--- Data to process ---

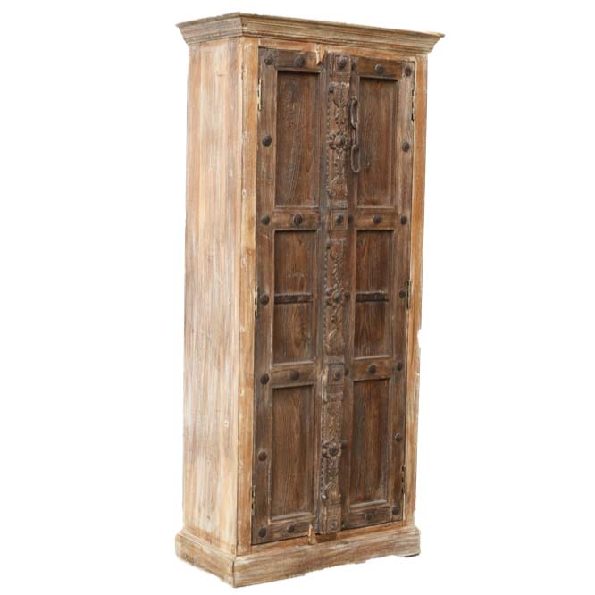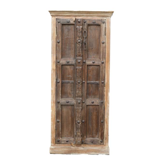 Armadio / Credenza alta indiana con 2 ante realizzate con il recupero di un portale antico in legno di teak e con inserti in ferro #3060IN2190 -18%
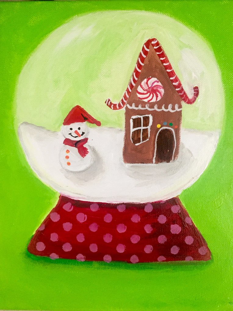 It was the perfect rainy morning to do some art. I wanted to do something that got me in a holiday state of mind. This is a small (8×10) acrylic painting.
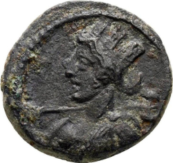 turreted and draped bust of Tyche of Kyme, left, seen from front
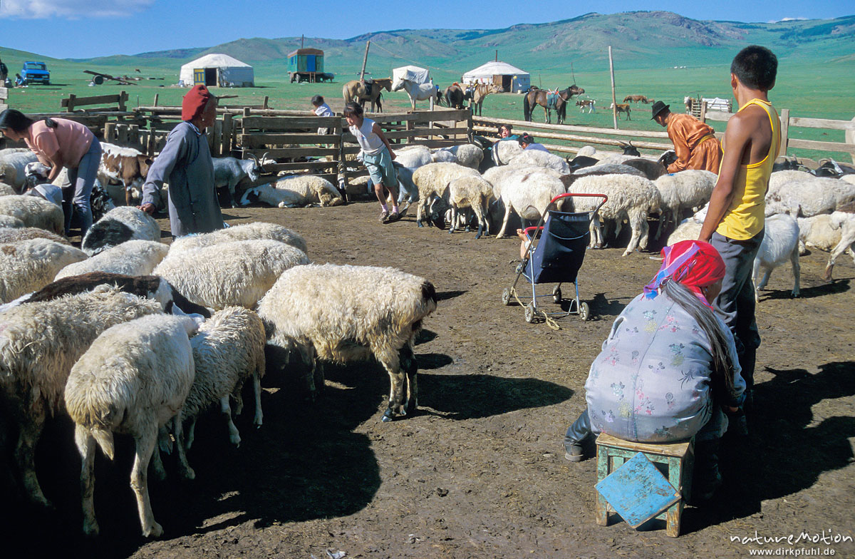 Nomaden beim Melken von Schafen in abgezäuntem Areal, Changai, Mongolei
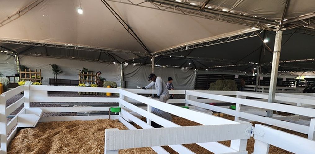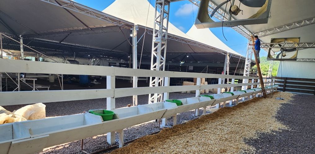 A partir da chegada no setor agropecuário da Efrait, uma equipe terceirizada cuida do bem estar, alimentação, limpeza e disponibilidade de água durante a exposição.
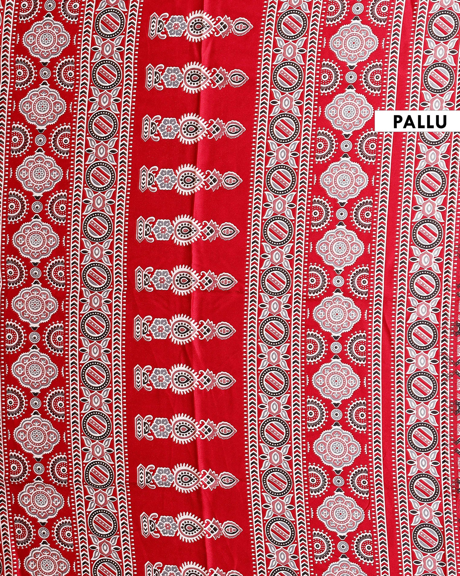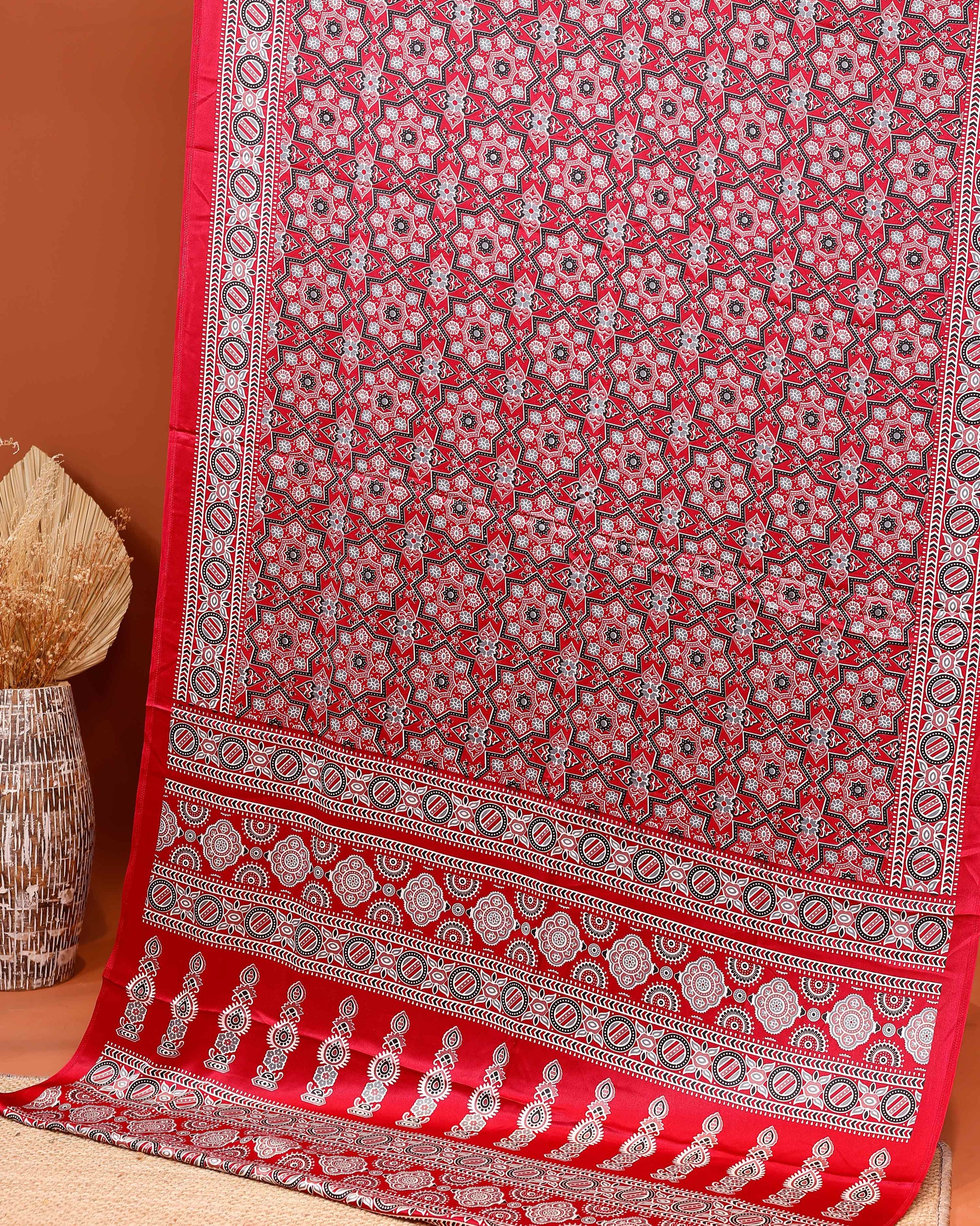 Hand Block Printed Ajrakh Modal Satin Saree with Geometric and Traditional Motifs - Red

---

Return only the lines from the one that contains "It was the perfect" through the closing line of the data, inclusive, reproduced exactly and with every picture left out.

 It was the perfect rainy morning to do some art. I wanted to do something that got me in a holiday state of mind. This is a small (8×10) acrylic painting.
 turreted and draped bust of Tyche of Kyme, left, seen from front
 Nomaden beim Melken von Schafen in abgezäuntem Areal, Changai, Mongolei
 A partir da chegada no setor agropecuário da Efrait, uma equipe terceirizada cuida do bem estar, alimentação, limpeza e disponibilidade de água durante a exposição.
 Hand Block Printed Ajrakh Modal Satin Saree with Geometric and Traditional Motifs - Red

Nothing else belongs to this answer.